'''
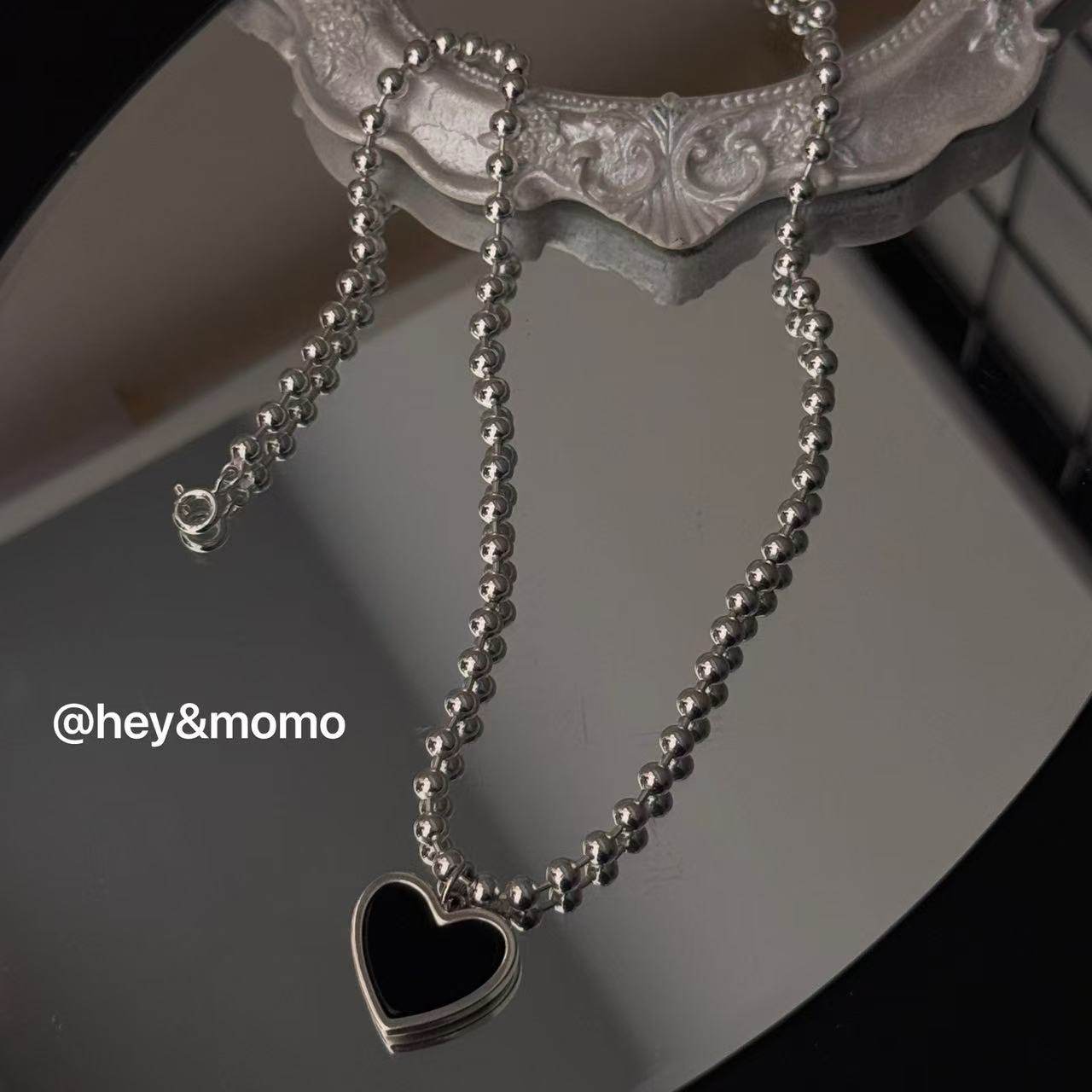 5.12韩国东大门hey银饰串珠爱心吊坠项链
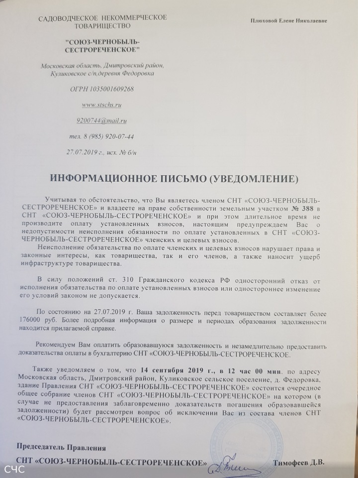 Настоящим информируем Вас, что Общее собрание членов СНТ "СОЮЗ-ЧЕРНОБЫЛЬ-СЕСТРОРЕЧЕНСКОЕ" (форма проведения-очно-заочное голосование, назначенное на 14 сентября 2019 г.) признано Правлением товарищества несостоявшимся в связи с отсутствием кворума предусмотренного п. 19 ст. 17 ФЗ "О ведении гражданами садоводства и огородничества для собственных нужд и о внесении изменений в отдельные законодательные акты Российской Федерации". Решение Правления СНТ "СОЮЗ-ЧЕРНОБЫЛЬ-СЕСТРОРЕЧЕНСКОЕ" о признании указанного Общего собрания членов несостоявшимся оформлено Протоколом № 6 заседания Правления СНТ "СОЮЗ-ЧЕРНОБЫЛЬ-СЕСТРОРЕЧЕНСКОЕ" от 14 сентября 2019 г., которое размещено по ссылке:viewtopic.php?t=1482&start=10
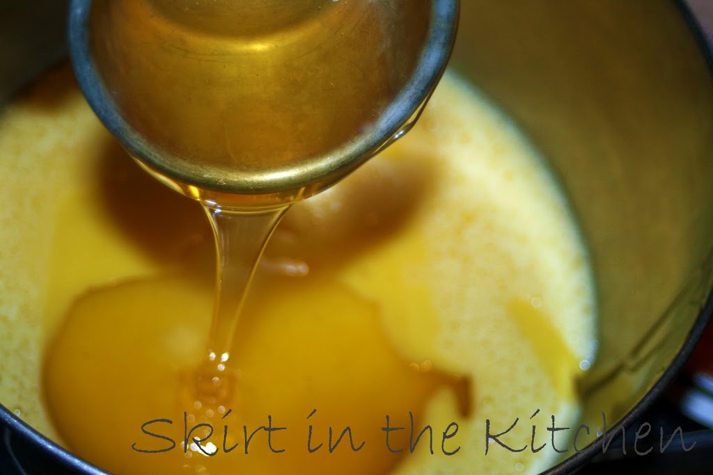 Into the beaten eggs in a large bowl, stir together with a whisk 1 cup sugar, 1/2 cup light-colored corn syrup and 1/2 cup honey.
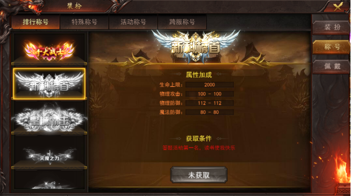 除了超酷的外形,还有绚烂的称号。称号分为四类,排行称号,装扮称号,活动称号和跨服称号。排行称号一般会比较固定,掉落排行即消失。特殊称号的获取方式可以通过商城购买或运营活动获取。活动称号获取方式一般为运营活动,且不易获得。跨服称号可以通过跨服3V3或保护队长活动获得。鼠标滑动到称号即可查看称号的剩余时间,平时可以多多关注称号,有时候会因称号过期而导致战力下降。
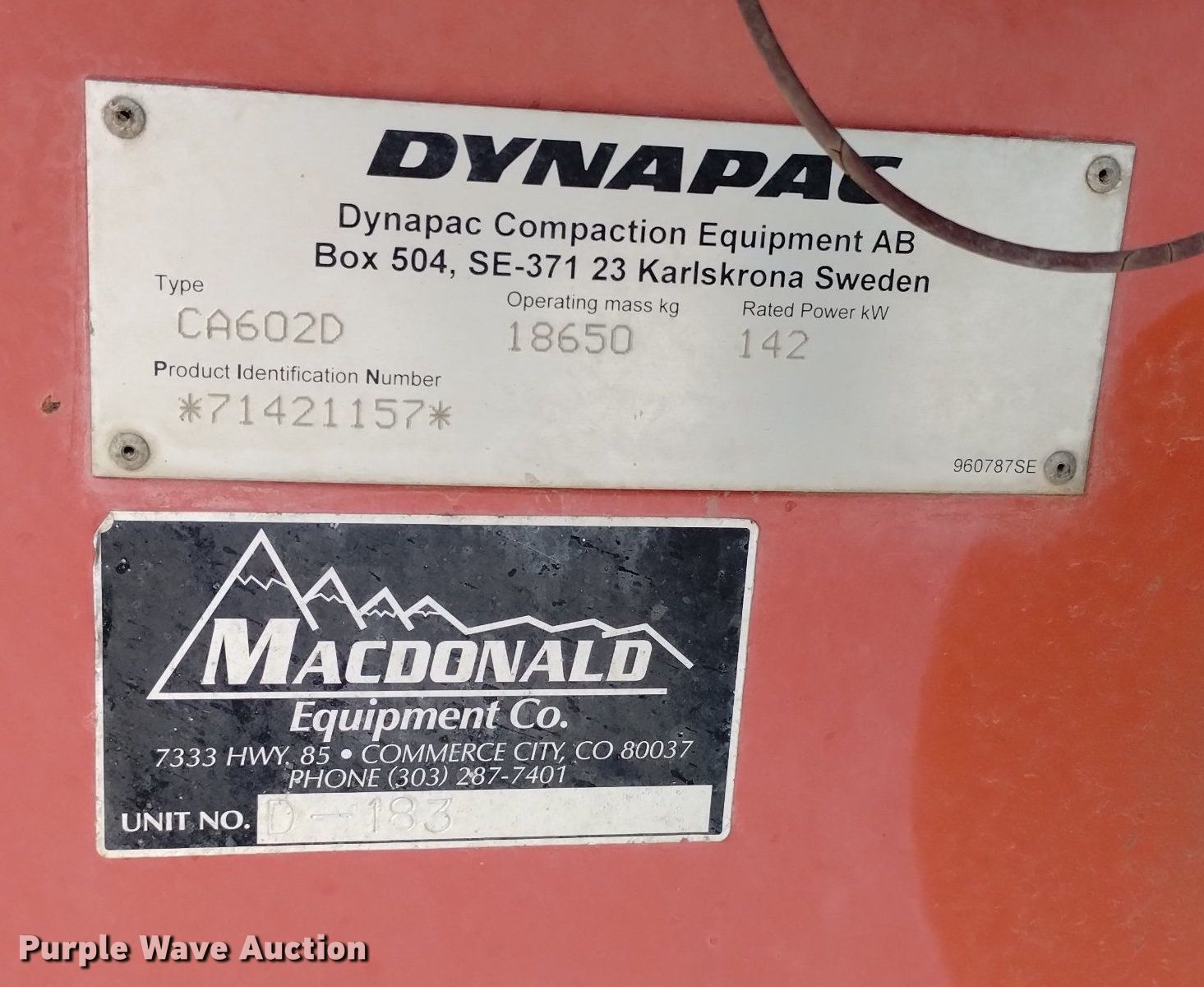 Purple Wave is selling a used Single Drum Roller Compactor in Colorado. This item is a Dynapac CA602D single drum vibratory roller with the following: Hours: 7,016 on meter, Serial: 71421157
'''
Assigned task – Copy word for word every line from the start of the material through the line holding "除了超酷的外形,还有绚烂的称". The pictures are not part of the copy.

Result below –
 5.12韩国东大门hey银饰串珠爱心吊坠项链
 Настоящим информируем Вас, что Общее собрание членов СНТ "СОЮЗ-ЧЕРНОБЫЛЬ-СЕСТРОРЕЧЕНСКОЕ" (форма проведения-очно-заочное голосование, назначенное на 14 сентября 2019 г.) признано Правлением товарищества несостоявшимся в связи с отсутствием кворума предусмотренного п. 19 ст. 17 ФЗ "О ведении гражданами садоводства и огородничества для собственных нужд и о внесении изменений в отдельные законодательные акты Российской Федерации". Решение Правления СНТ "СОЮЗ-ЧЕРНОБЫЛЬ-СЕСТРОРЕЧЕНСКОЕ" о признании указанного Общего собрания членов несостоявшимся оформлено Протоколом № 6 заседания Правления СНТ "СОЮЗ-ЧЕРНОБЫЛЬ-СЕСТРОРЕЧЕНСКОЕ" от 14 сентября 2019 г., которое размещено по ссылке:viewtopic.php?t=1482&start=10
 Into the beaten eggs in a large bowl, stir together with a whisk 1 cup sugar, 1/2 cup light-colored corn syrup and 1/2 cup honey.
 除了超酷的外形,还有绚烂的称号。称号分为四类,排行称号,装扮称号,活动称号和跨服称号。排行称号一般会比较固定,掉落排行即消失。特殊称号的获取方式可以通过商城购买或运营活动获取。活动称号获取方式一般为运营活动,且不易获得。跨服称号可以通过跨服3V3或保护队长活动获得。鼠标滑动到称号即可查看称号的剩余时间,平时可以多多关注称号,有时候会因称号过期而导致战力下降。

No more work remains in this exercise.